Oya Baydar (born 1940) is a Turkish sociologist and writer. For a long time she was involved in socialist politics.

Education and early works
Oya Baydar studied at Lycée Notre Dame de Sion Istanbul. She published her first novel, inspired by French writer Françoise Sagan, while she was a student in high school. The novel she wrote in the last year of high school, God Has Forgot Children, was published both in the newspaper Hürriyet and as a book. She was almost expelled from her school as a result of writing this novel. After these novels written in high school years, she had a break from writing, interesting herself in politics for a long time, before returning to literature in later life.

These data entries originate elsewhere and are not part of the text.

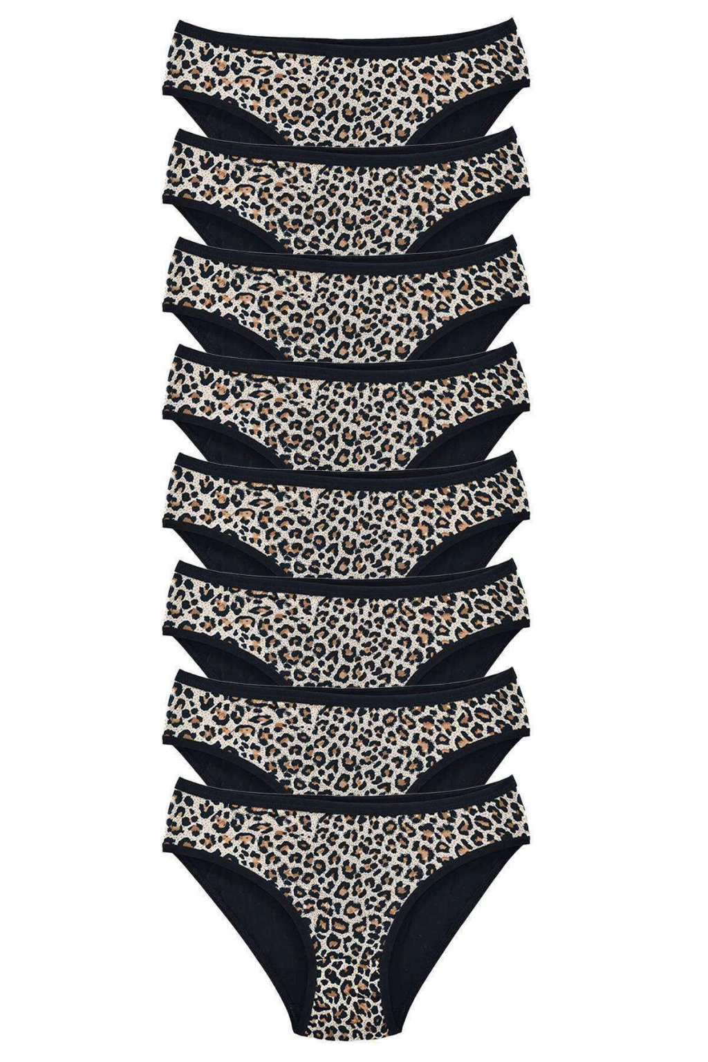 8 Adet Leopar Desenli Likralı Yumuşak Dokulu Kadın Slip Külot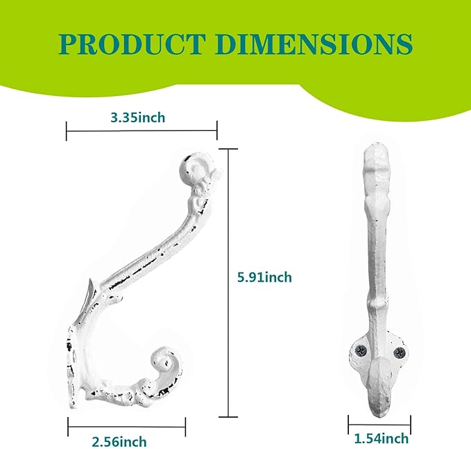 - WEIGHT CAPACITY: Cast iron hooks, Vintage style,heavy duty and substantial, 35lbs maximum weight capacity.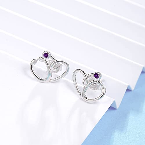 Qings Orecchini Perno Forma Cuore con Stetoscopio 925 Argento Sterling Pietra Portafortuna Febbraio Ametista Orecchini Regali per Donna Infermiere Dottore RN Studente Medicina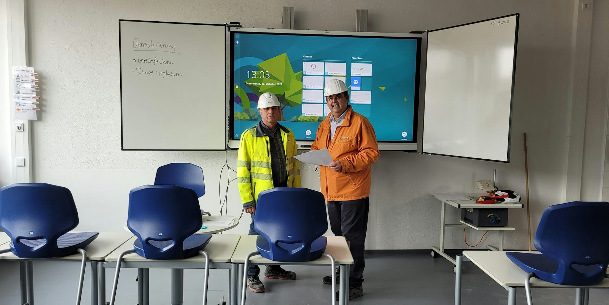 Einen neuen Standard bieten insgesamt 19 Klassenräume in Gymnasium und Gesamtschule, die bereits modernisiert sind. Neben neuen Fenstern, Heizkörpern und Fußböden sowie neuem Mobiliar steht vor allem ein „Multifunktionspanel“ im Blickpunkt – eine Verbindung von einem großformatigen Bildschirm mit Verbindung zum Internet und einer klassischen Tafel. Nach und nach sollen alle Klassenräume in dieser Weise ausgestattet werden.

Baydar graduated from Istanbul University's Department of Sociology in 1964 and entered this department as an assistant. The Professors' Council of the University twice rejected her doctoral thesis, about the rise of a labour force in Turkey: students occupied the University in order to protest against that. This was the first occupation of a university in Turkey. Baydar then became an assistant in Hacettepe University.

Political life
During the military coup in 1972 Baydar was arrested due to her socialist activity as a member of the Workers Party of Turkey and the Teachers' Union of Turkey and she left the University. Between 1972 and 1974 she worked as a columnist in the newspapers Yeni Ortam ([New Platform]) and Politika ([Politics]). She issued her first journal together with her husband Aydın Engin and Yusuf Ziya Bahadınlı. She was known as a socialist writer, researcher and activist woman.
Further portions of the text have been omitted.